=== DATASET RECORDS ===

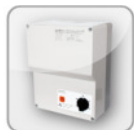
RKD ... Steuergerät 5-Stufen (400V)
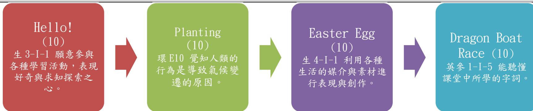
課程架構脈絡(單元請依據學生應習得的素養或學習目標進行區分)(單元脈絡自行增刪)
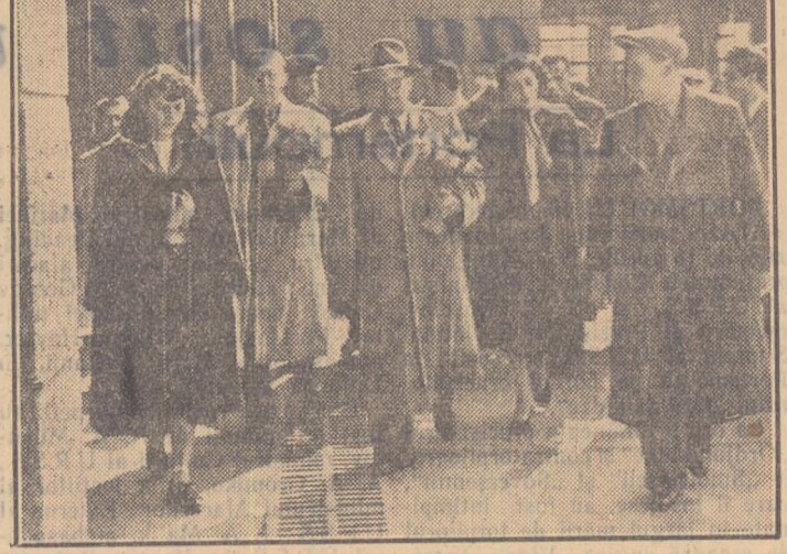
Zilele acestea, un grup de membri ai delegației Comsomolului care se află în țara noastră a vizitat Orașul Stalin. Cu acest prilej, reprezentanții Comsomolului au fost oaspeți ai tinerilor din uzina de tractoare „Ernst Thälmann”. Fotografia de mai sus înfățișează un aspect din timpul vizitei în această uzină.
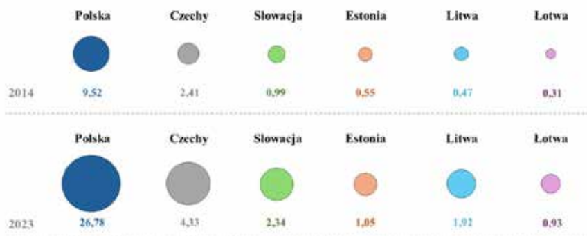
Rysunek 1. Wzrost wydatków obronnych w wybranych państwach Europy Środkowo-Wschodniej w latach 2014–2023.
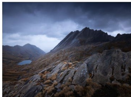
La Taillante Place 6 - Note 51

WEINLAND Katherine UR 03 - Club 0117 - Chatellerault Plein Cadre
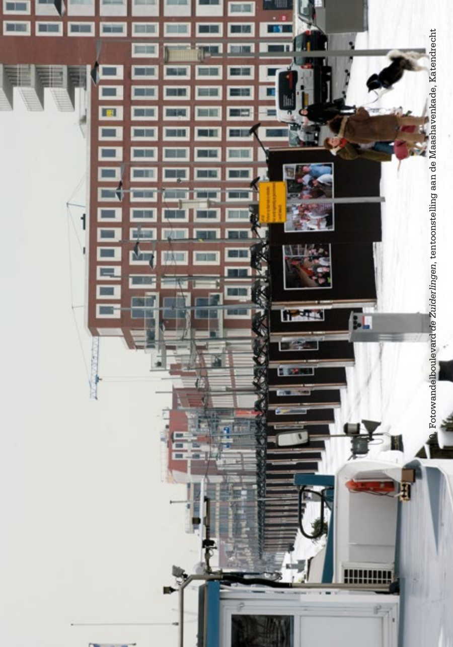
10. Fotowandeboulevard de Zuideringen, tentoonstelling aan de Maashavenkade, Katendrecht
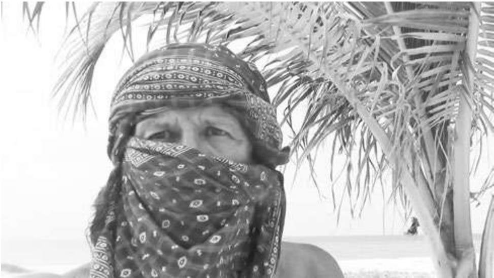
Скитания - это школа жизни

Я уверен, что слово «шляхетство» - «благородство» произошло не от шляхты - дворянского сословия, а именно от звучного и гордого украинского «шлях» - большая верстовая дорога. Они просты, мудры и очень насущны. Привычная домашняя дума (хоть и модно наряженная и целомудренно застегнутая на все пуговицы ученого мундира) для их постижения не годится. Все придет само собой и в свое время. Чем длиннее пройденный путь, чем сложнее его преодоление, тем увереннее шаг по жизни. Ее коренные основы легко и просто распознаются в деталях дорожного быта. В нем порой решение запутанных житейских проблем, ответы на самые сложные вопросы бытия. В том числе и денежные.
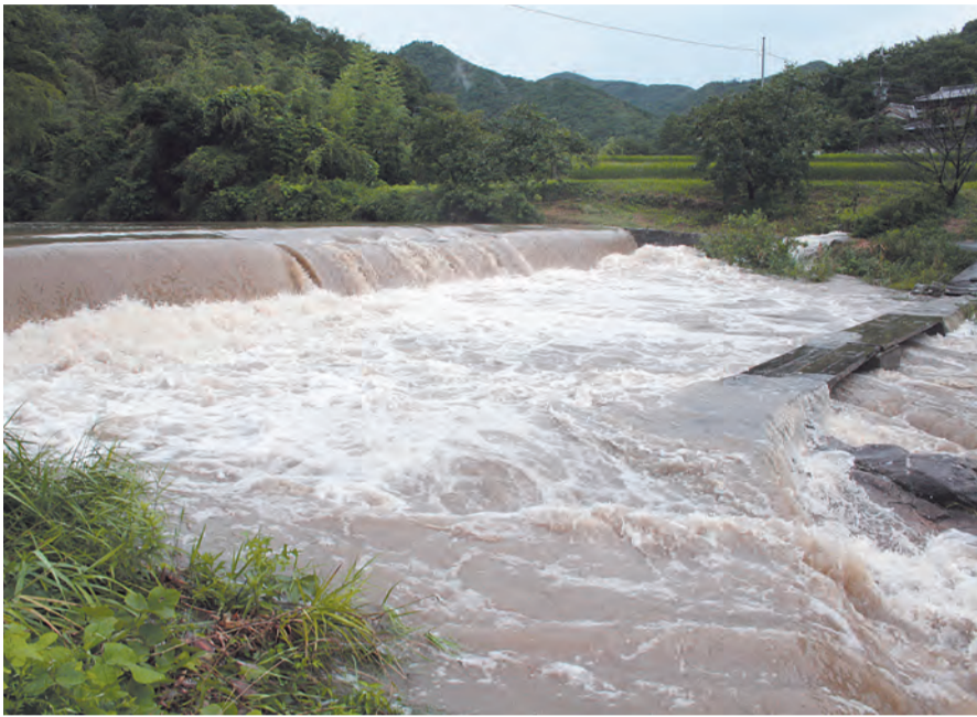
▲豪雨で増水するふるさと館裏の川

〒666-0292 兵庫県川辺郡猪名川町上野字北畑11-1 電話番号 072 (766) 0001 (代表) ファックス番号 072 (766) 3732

===
=== DATASET RECORDS ===

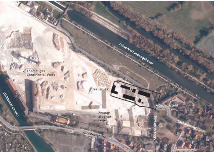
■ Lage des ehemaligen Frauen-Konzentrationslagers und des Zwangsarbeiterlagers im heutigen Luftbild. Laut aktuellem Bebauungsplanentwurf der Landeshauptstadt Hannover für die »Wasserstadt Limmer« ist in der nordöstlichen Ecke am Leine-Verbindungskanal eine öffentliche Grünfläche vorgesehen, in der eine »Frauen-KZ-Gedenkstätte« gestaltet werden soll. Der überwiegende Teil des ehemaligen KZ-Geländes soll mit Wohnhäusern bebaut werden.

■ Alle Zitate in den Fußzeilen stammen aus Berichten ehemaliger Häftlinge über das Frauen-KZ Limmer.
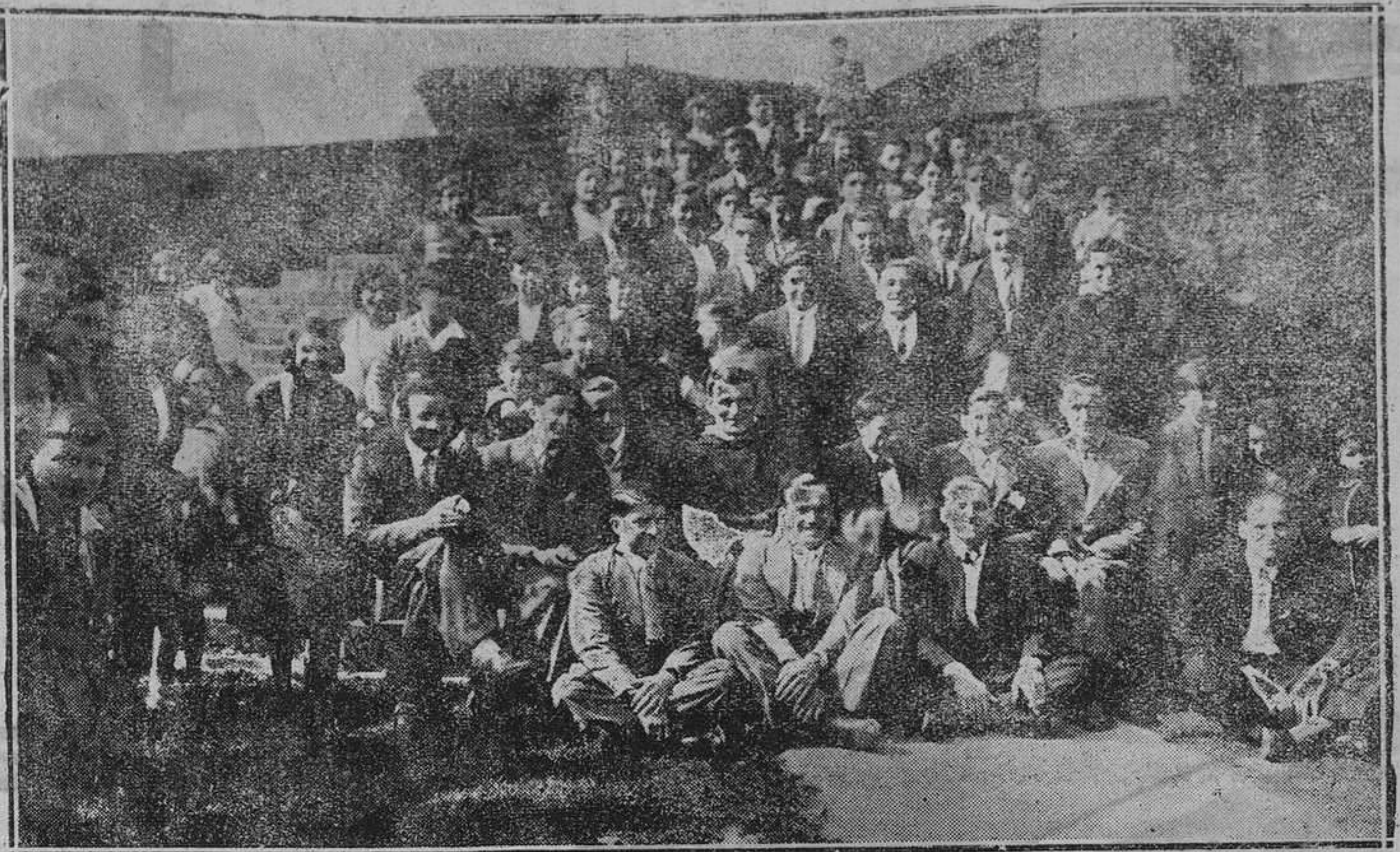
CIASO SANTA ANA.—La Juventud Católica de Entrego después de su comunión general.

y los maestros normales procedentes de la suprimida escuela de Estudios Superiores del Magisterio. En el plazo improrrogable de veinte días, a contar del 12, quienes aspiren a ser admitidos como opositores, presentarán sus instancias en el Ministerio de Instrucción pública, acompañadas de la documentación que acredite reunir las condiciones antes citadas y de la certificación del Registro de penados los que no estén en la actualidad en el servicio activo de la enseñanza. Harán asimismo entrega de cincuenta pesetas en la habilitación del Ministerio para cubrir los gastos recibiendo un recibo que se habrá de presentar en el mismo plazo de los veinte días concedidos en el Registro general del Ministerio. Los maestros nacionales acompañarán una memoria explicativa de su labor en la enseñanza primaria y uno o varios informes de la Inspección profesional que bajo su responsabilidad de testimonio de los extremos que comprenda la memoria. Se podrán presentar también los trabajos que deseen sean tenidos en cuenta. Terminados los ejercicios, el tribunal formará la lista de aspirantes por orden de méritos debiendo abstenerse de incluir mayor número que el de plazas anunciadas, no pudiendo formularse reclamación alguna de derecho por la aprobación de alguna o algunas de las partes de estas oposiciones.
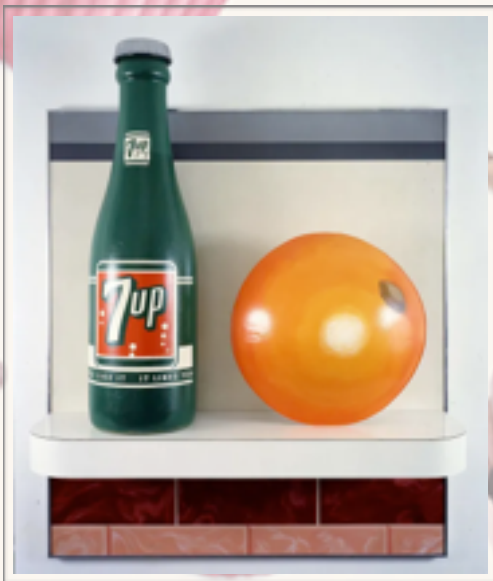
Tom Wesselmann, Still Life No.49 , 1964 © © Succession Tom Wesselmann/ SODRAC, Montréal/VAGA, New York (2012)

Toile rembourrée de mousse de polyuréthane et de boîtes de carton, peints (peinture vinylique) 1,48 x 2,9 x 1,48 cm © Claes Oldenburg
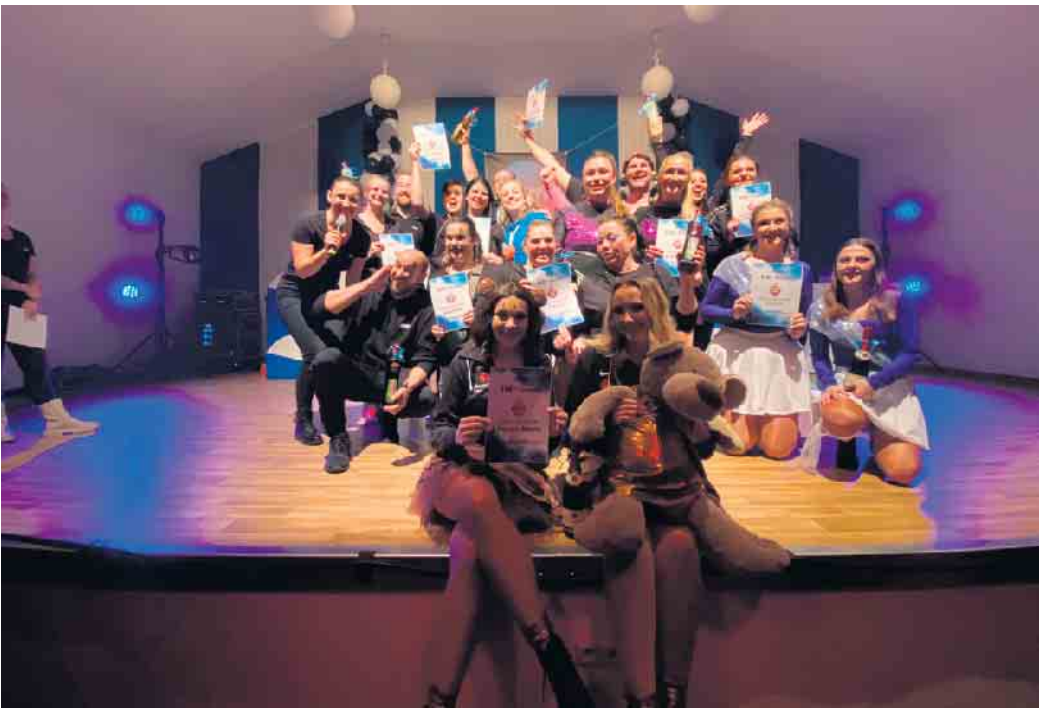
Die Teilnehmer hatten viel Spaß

===

_AIM OF THE TASK_.
Across all of the records above, how many lines include the string "жизни"? Answer with one number only.

_SOLUTION BELOW_.
2